Repeat the records in full and exactly, omitting pictures.

Records excerpted from a collection
+ + + + +

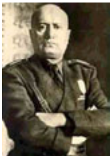
B. Mussolini 1883-1945

Mișcarea fascistă a apărut ca o expresie tipică a crizei politice și sociale existente în Italia postbelică iar traseul liderului acestei mișcări-Benito Mussolini este tipică pentru o perioadă confuză și violentă. Născut în Romagna în 1883, fiu al unui muncitor anarhist, proprietar al unui mic local, Mussolini crește într-un mediu sărac. Devine educator, pleacă în Elveția pentru a scăpa de serviciul militar, petrece scurte perioade în închisoare pentru activități subversive. Se întoarce în Italia în 1908, militează pentru socialiști iar în 1912 devine director al ziarului de stânga “Avanti” unde este campionul idei pacifiste.
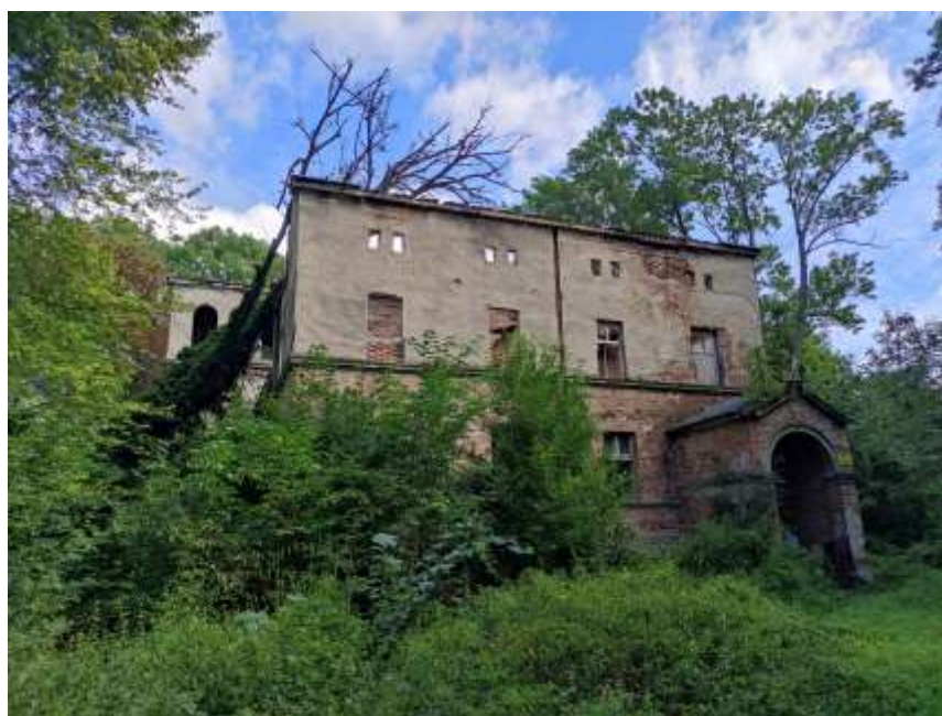
Zdjęcia nr 48, 49. Pałac w Kotliszowicach, źródło: archiwum własne, Jakub Danielski
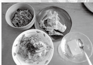
* 皆で色々なメニュー作って食べました
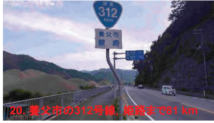
20. 養父市の312号線, 姫路まで81 km
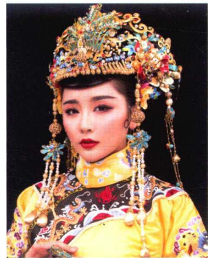
清朝皇后流苏钿子造型 194
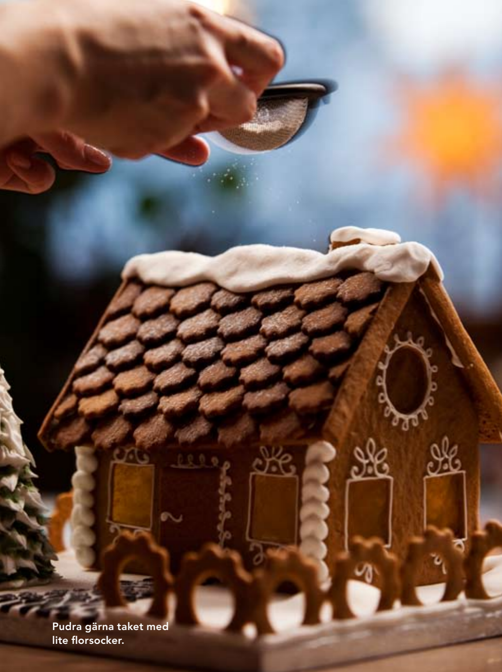
Pudra gärna taket med lite florsocker.
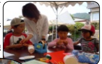
紙でつくるおもちゃ トコトコに夢中

今後も、教え・学びの絆をさらに深めて町づくりに取り組みたいとの想いを強くした「さつき祭」でした。
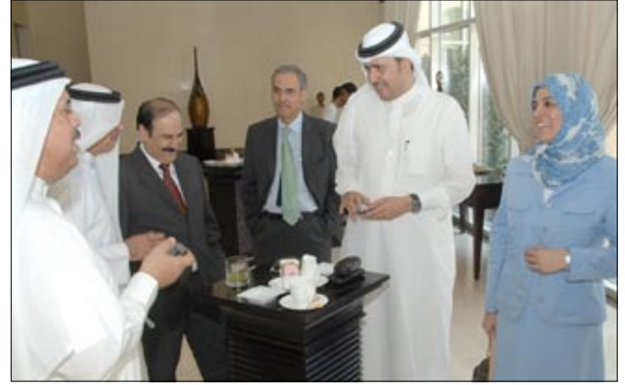
عدد من الوزراء في حديث جانبي على هامش الاجتماع
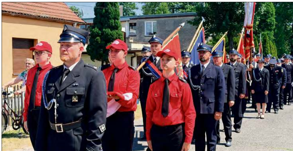
Po nabożeństwie uczestnicy przemaszerowali przed remizę.

Były wzruszenia, strażacki ceremoniał i symbole, które łączą pokolenia. Od poświęcenia odrestaurowanej zabytkowej sikawki konnej i figury św. Floriana, przez wyróżnienia dla zasłużonych druhów, aż po spotkanie z partnerami z Niemiec i rodzinny festyn. Ochotnicza Straż Pożarna w Krępnej świętowała 120-lecie swojej działalności, przypominając, że historia tej jednostki to przede wszystkim historia ludzi od pokoleń gotowych nieść pomoc.
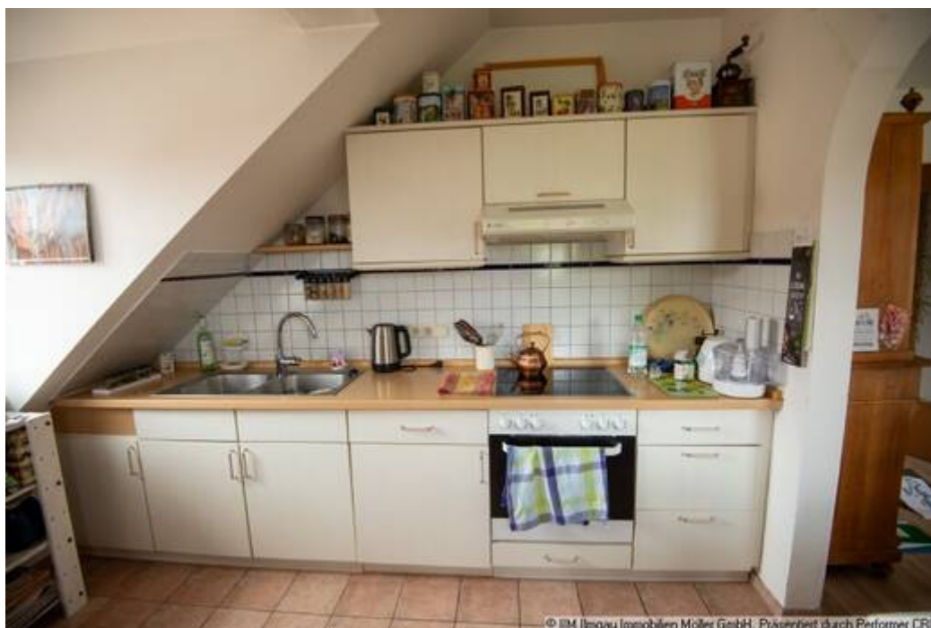
Küche mit Einbauküche
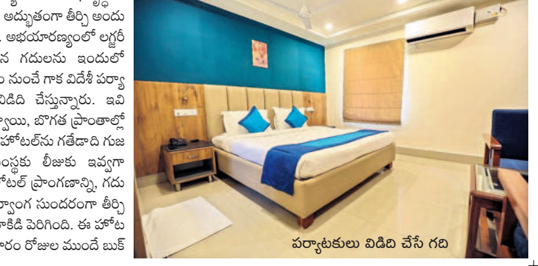
పర్యాటకులు విడిది చేసే గది

తాడ్యాయి, డిసెంబర్ 16 : అద్భుతమైన హంగులతో నిర్మించిన ఫెరియాడార్ రిసార్టులు పర్యాటకులను విశేషంగా ఆకట్టుకుంటున్నాయి. రాష్ట్రంలో పర్యాటకరంగా అభివృద్ధిలో భాగంగా కేసీఆర్ సర్కారు అద్భుతంగా తీర్చి అందుబాటులోకి తీసుకొచ్చింది. అభయారణ్యంలో లగ్నర్ లుక్తో విలాసవంతమైన గదులను ఇందులో ఏర్పాటుచేయడంతో దేశం నుంచే గాక విదేశీ పర్యాటకులు సైతం వచ్చి విడిది చేస్తున్నారు. ఇవి ములుగు జిల్లాలోని తాడ్యాయి, బొగక ప్రాంతాల్లో ఉన్నాయి. ఇక్కడి చారిత్రక హోటల్ ను గతదాది గుజరాతీకు చెందిన ఓ సంస్థకు లీజుకు ఇవ్వగా స్విమ్మింగ్ పూల్ సహా హోటల్ ప్రాంగణాన్ని, గదులను ఆకర్షణీయంగా, సర్కారు సుందరంగా తీర్చిదిద్దడంతో పర్యాటకులు తాకిడి పెరిగింది. ఈ హోటల్లో గది నిర్మాణం వారం రోజులు ముందే బుక్ చేసుకోవాలి కంటే ఇప్పుడు ప్రక్కటిలో ఆహ్లాదంగా ఉన్న ఈ హోటల్ లకు వచ్చేందుకు ఎక్కువగా ఆసక్తి చూపుతున్నారు. అలాగే ఇందులో బర్గర్ పార్టీలు, ఇతర విందులు చేసుకునేందుకు ప్రత్యేక ఏర్పాట్లు చేయడంతో హైదరాబాద్ నుంచి ఇతర నగరాల నుంచి పర్యాటకులు కూకట్ నున్నారు.
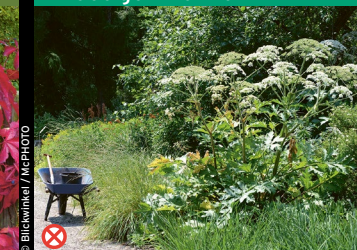
⊗ Riesen-Bärenklau ( Heracleum mantegazzianum )
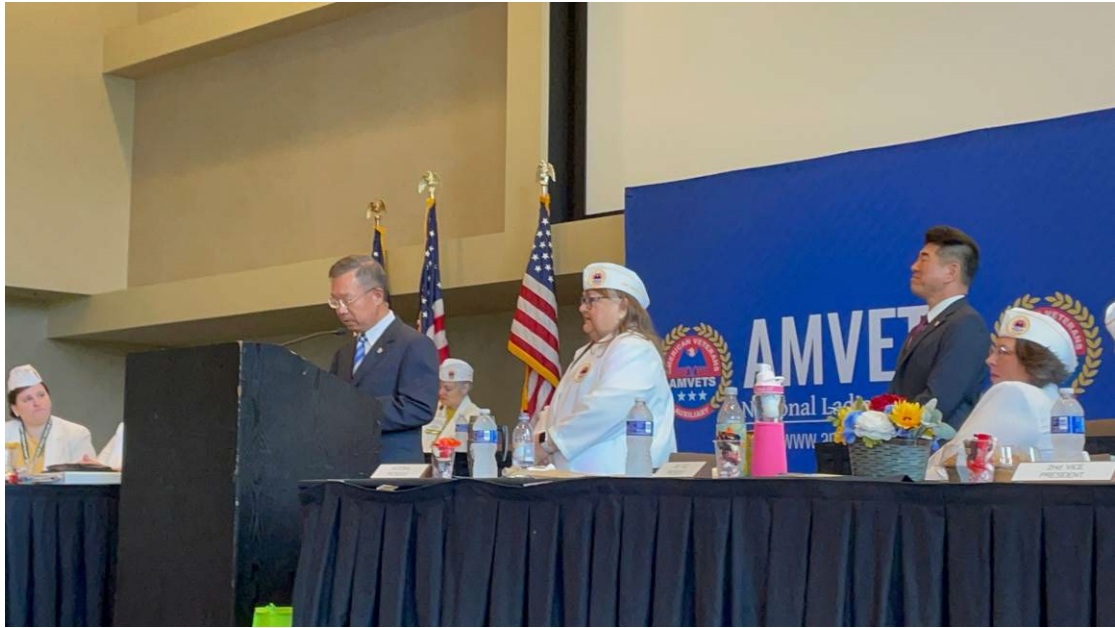
美國退伍軍人協會婦女會邀請簡主任秘書致詞（左 1 立者）
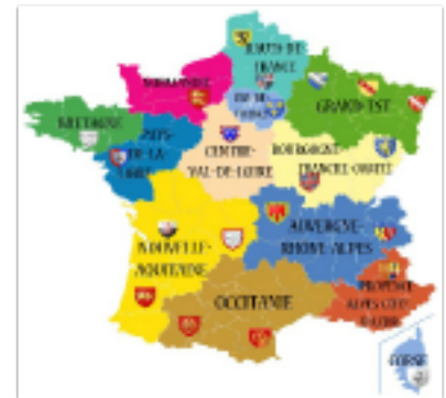
La région est une des collectivités territoriales

Les collectivités territoriales, l'Etat et l'UE décident des choix d'aménagement
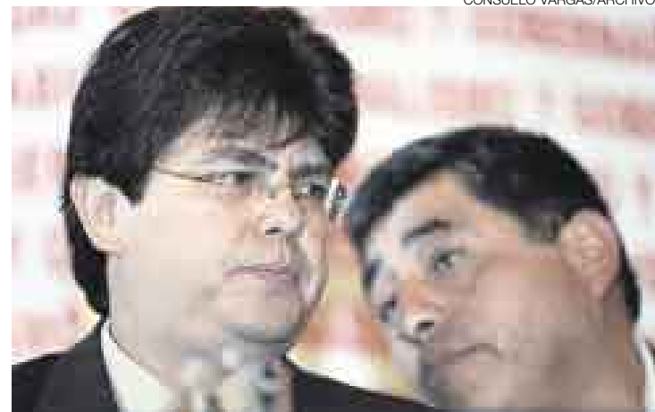
EX AMIGOS. De los secretitos, Torres y Espinoza pasaron a los ataques.
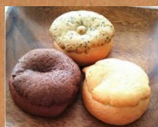
チョコ コーヒー プレーン
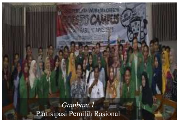
Gambar: 1 Partisipasi Pemilih Rasional

Model ketiga dari perilaku masyarakat Indonesia dalam politik merupakan kombinasi dari kedua modal tersebut di atas. Ada pergeseran dalam studi perilaku memilih ke model yang lebih menekankan individu warga negara sebagai aktor yang relatif mandiri dari partai dan struktur kolektif serta ikatan kesetiaan lainnya 11 . Teori model rasional ( rational-choice ) yang diperkenalkan pertama kali oleh Anthony Downs sebenarnya tidak hanya terbatas pada studi pemilu. Ia menulis bagaimana demokrasi “diukur” dengan menggunakan pendekatan dalam ilmu ekonomi.

+ + + + +

■ OUTPUT FOR THIS TASK ■
B. Mussolini 1883-1945

Mișcarea fascistă a apărut ca o expresie tipică a crizei politice și sociale existente în Italia postbelică iar traseul liderului acestei mișcări-Benito Mussolini este tipică pentru o perioadă confuză și violentă. Născut în Romagna în 1883, fiu al unui muncitor anarhist, proprietar al unui mic local, Mussolini crește într-un mediu sărac. Devine educator, pleacă în Elveția pentru a scăpa de serviciul militar, petrece scurte perioade în închisoare pentru activități subversive. Se întoarce în Italia în 1908, militează pentru socialiști iar în 1912 devine director al ziarului de stânga “Avanti” unde este campionul idei pacifiste.
Zdjęcia nr 48, 49. Pałac w Kotliszowicach, źródło: archiwum własne, Jakub Danielski
* 皆で色々なメニュー作って食べました
20. 養父市の312号線, 姫路まで81 km
清朝皇后流苏钿子造型 194
Pudra gärna taket med lite florsocker.
紙でつくるおもちゃ トコトコに夢中

今後も、教え・学びの絆をさらに深めて町づくりに取り組みたいとの想いを強くした「さつき祭」でした。
عدد من الوزراء في حديث جانبي على هامش الاجتماع
Po nabożeństwie uczestnicy przemaszerowali przed remizę.

Były wzruszenia, strażacki ceremoniał i symbole, które łączą pokolenia. Od poświęcenia odrestaurowanej zabytkowej sikawki konnej i figury św. Floriana, przez wyróżnienia dla zasłużonych druhów, aż po spotkanie z partnerami z Niemiec i rodzinny festyn. Ochotnicza Straż Pożarna w Krępnej świętowała 120-lecie swojej działalności, przypominając, że historia tej jednostki to przede wszystkim historia ludzi od pokoleń gotowych nieść pomoc.
Küche mit Einbauküche
పర్యాటకులు విడిది చేసే గది

తాడ్యాయి, డిసెంబర్ 16 : అద్భుతమైన హంగులతో నిర్మించిన ఫెరియాడార్ రిసార్టులు పర్యాటకులను విశేషంగా ఆకట్టుకుంటున్నాయి. రాష్ట్రంలో పర్యాటకరంగా అభివృద్ధిలో భాగంగా కేసీఆర్ సర్కారు అద్భుతంగా తీర్చి అందుబాటులోకి తీసుకొచ్చింది. అభయారణ్యంలో లగ్నర్ లుక్తో విలాసవంతమైన గదులను ఇందులో ఏర్పాటుచేయడంతో దేశం నుంచే గాక విదేశీ పర్యాటకులు సైతం వచ్చి విడిది చేస్తున్నారు. ఇవి ములుగు జిల్లాలోని తాడ్యాయి, బొగక ప్రాంతాల్లో ఉన్నాయి. ఇక్కడి చారిత్రక హోటల్ ను గతదాది గుజరాతీకు చెందిన ఓ సంస్థకు లీజుకు ఇవ్వగా స్విమ్మింగ్ పూల్ సహా హోటల్ ప్రాంగణాన్ని, గదులను ఆకర్షణీయంగా, సర్కారు సుందరంగా తీర్చిదిద్దడంతో పర్యాటకులు తాకిడి పెరిగింది. ఈ హోటల్లో గది నిర్మాణం వారం రోజులు ముందే బుక్ చేసుకోవాలి కంటే ఇప్పుడు ప్రక్కటిలో ఆహ్లాదంగా ఉన్న ఈ హోటల్ లకు వచ్చేందుకు ఎక్కువగా ఆసక్తి చూపుతున్నారు. అలాగే ఇందులో బర్గర్ పార్టీలు, ఇతర విందులు చేసుకునేందుకు ప్రత్యేక ఏర్పాట్లు చేయడంతో హైదరాబాద్ నుంచి ఇతర నగరాల నుంచి పర్యాటకులు కూకట్ నున్నారు.
⊗ Riesen-Bärenklau ( Heracleum mantegazzianum )
美國退伍軍人協會婦女會邀請簡主任秘書致詞（左 1 立者）
La région est une des collectivités territoriales

Les collectivités territoriales, l'Etat et l'UE décident des choix d'aménagement
EX AMIGOS. De los secretitos, Torres y Espinoza pasaron a los ataques.
チョコ コーヒー プレーン
Gambar: 1 Partisipasi Pemilih Rasional

Model ketiga dari perilaku masyarakat Indonesia dalam politik merupakan kombinasi dari kedua modal tersebut di atas. Ada pergeseran dalam studi perilaku memilih ke model yang lebih menekankan individu warga negara sebagai aktor yang relatif mandiri dari partai dan struktur kolektif serta ikatan kesetiaan lainnya 11 . Teori model rasional ( rational-choice ) yang diperkenalkan pertama kali oleh Anthony Downs sebenarnya tidak hanya terbatas pada studi pemilu. Ia menulis bagaimana demokrasi “diukur” dengan menggunakan pendekatan dalam ilmu ekonomi.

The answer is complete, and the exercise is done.